## Records supplied
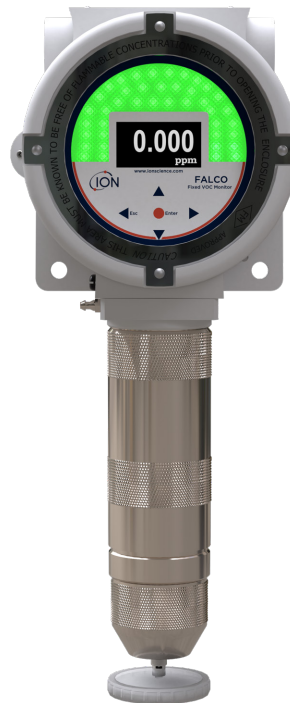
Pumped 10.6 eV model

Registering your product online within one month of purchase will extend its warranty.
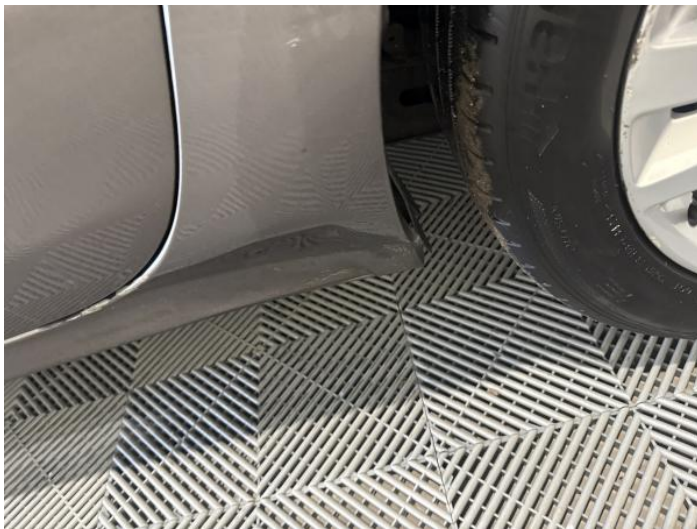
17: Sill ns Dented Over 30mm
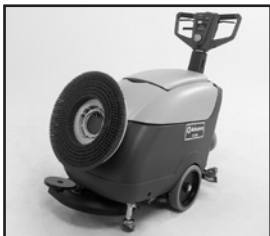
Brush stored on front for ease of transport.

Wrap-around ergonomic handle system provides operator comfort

* * *

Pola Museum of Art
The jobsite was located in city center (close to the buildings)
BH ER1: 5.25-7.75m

## Your assignment
In the data above, find the line with "Pola Museum of Art" and the line with "BH ER1: 5.25-7.75m". Retype both, plus every line between them, exactly.

## Solution for this task
Pola Museum of Art
The jobsite was located in city center (close to the buildings)
BH ER1: 5.25-7.75m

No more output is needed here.